Cost considerations include the high per-sample reagent cost, despite reduced sequencing costs. Most laboratories perform library preparation manually, requiring significant staff time. Automation and robotic equipment are needed for high-throughput processing. The clinical laboratory must balance the need for accurate, reproducible results with the practical challenges of implementing mNGS in routine practice. Overall, mNGS holds great promise for improving infectious disease diagnosis and precision medicine, but its successful implementation requires addressing technical, regulatory, and clinical challenges.Clinical metagenomic next-generation sequencing (mNGS) is rapidly moving from research to clinical laboratories, transforming how physicians diagnose and treat infectious diseases. This approach analyzes microbial and host genetic material (DNA and RNA) in patient samples, with applications in antimicrobial resistance, the microbiome, human host gene expression, and oncology. Challenges in implementing mNGS include validation, regulatory considerations, and clinical utility. Despite potential, clinical adoption has lagged due to factors such as the complexity of microbial and host interactions, the difficulty in determining whether a detected microorganism is a contaminant, colonizer, or pathogen, and the need for standardized reference materials.
mNGS has been used for diagnosing infectious diseases, such as neuroleptospirosis, and for public health applications, including outbreak investigations and antimicrobial resistance surveillance. It enables the identification of all potential pathogens, including bacteria, viruses, fungi, and parasites, and can analyze the human host response through transcriptomics. Applications include microbiome analysis, transcriptomics, and oncology, with potential for precision medicine. However, challenges remain in clinical implementation, including cost, reimbursement, turnaround time, and the need for standardized reference standards.

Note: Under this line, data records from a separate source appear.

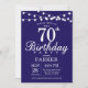 70 Aniversário com Luzes de Cordas. Fundo Azul marinho. 13 15 16º 18º 20 21rua 30 40º 50º 60º 80 de 70 100º, qualquer idade. Para mais personalização, clique no botão "Personalizar" e use nossa ferramenta de design para modificar este modelo.
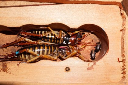 A study by Massey University biologists, which was recently published in the New Zealand Journal of Zoology, found that half of the tree wētā hiding inside refuge-boxes during the day returned home to the same box each night.
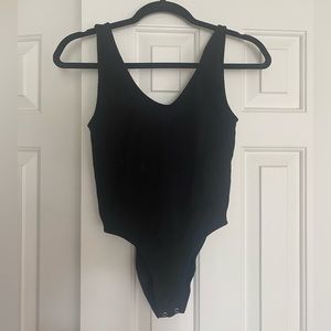 Ribbed black scoop neck and lower coop back bodysuit. Snap bottom closure.
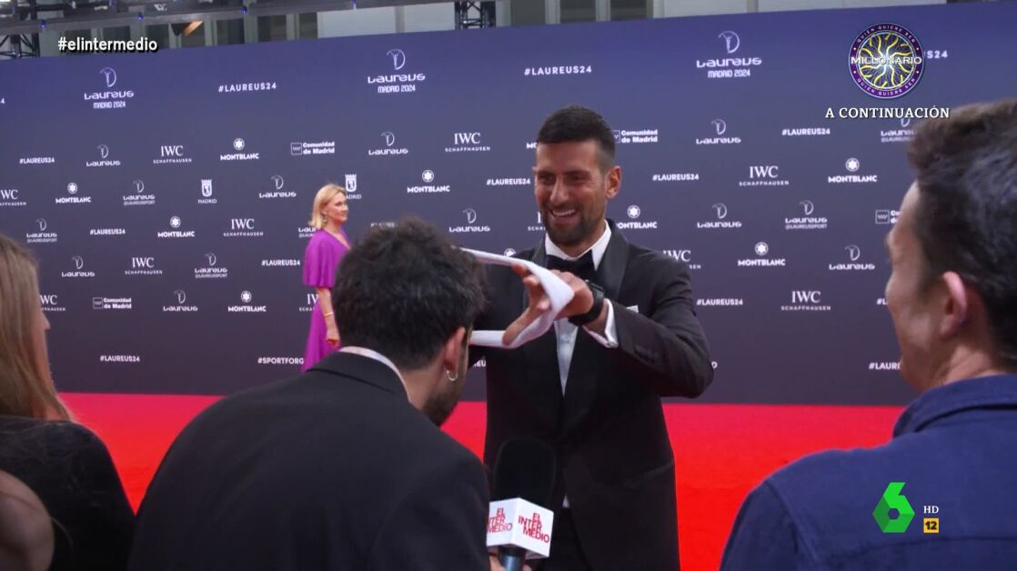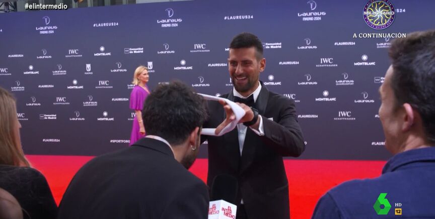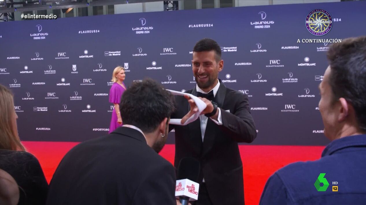 El tenista se ha puesto la cinta primero y, después, se la ha colocado al reportero, que ha aprovechado, además, para pedir que se la firmara. "Acabo de empezar en el tenis", le cuenta. "Ha pasado Alcaraz, me ha 'fumao', ha pasado Nadal, me ha 'fumao', ¿quién no me ha 'fumao'? Djokovic. Que suene el himno de serbia", afirma el reportero. Isma, además, ya está pensando qué hará con la cinta: "A ver cuánto vale esto en Wallapop".
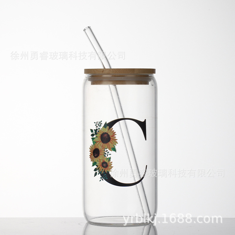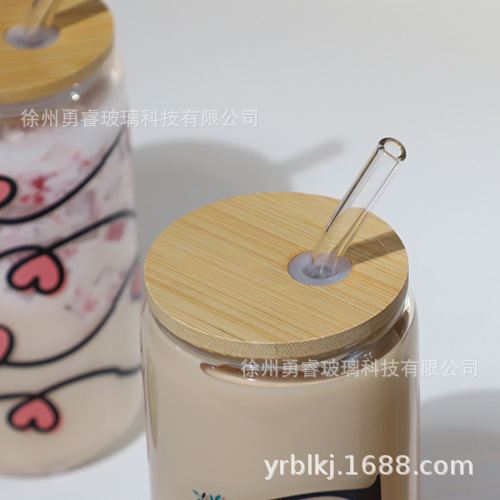 국경 간 인기 16온스 콜라 컵 밀짚 컵 고붕규산 유리 워터 컵 메이슨 컵 나무 뚜껑 주스 컵 세트

mNGS involves steps such as nucleic acid extraction, library preparation, sequencing, and bioinformatics analysis. Targeted and untargeted approaches are used, with targeted methods focusing on specific pathogens or genes, while untargeted methods sequence all DNA and RNA in a sample. Both approaches have limitations, such as reduced sensitivity in high-background samples, and require methods to enrich for microbial reads. Bioinformatics challenges include the need for user-friendly software, accurate data processing, and validation of results.
Clinical implementation of mNGS requires quality management, standardized protocols, and careful handling of samples to avoid contamination. Laboratory workflows must be optimized for high-quality results, with considerations for staff training, sample handling, and data storage. Bioinformatics pipelines involve complex algorithms and require validation to ensure accuracy and reproducibility. Public databases for microbial reference genomes are continuously updated, and laboratories must keep track of exact versions to ensure accurate analysis.
Cost considerations include the high per-sample reagent cost, despite reduced sequencing costs. Most laboratories perform library preparation manually, requiring significant staff time. Automation and robotic equipment are needed for high-throughput processing. The clinical laboratory must balance the need for accurate, reproducible results with the practical challenges of implementing mNGS in routine practice. Overall, mNGS holds great promise for improving infectious disease diagnosis and precision medicine, but its successful implementation requires addressing technical, regulatory, and clinical challenges.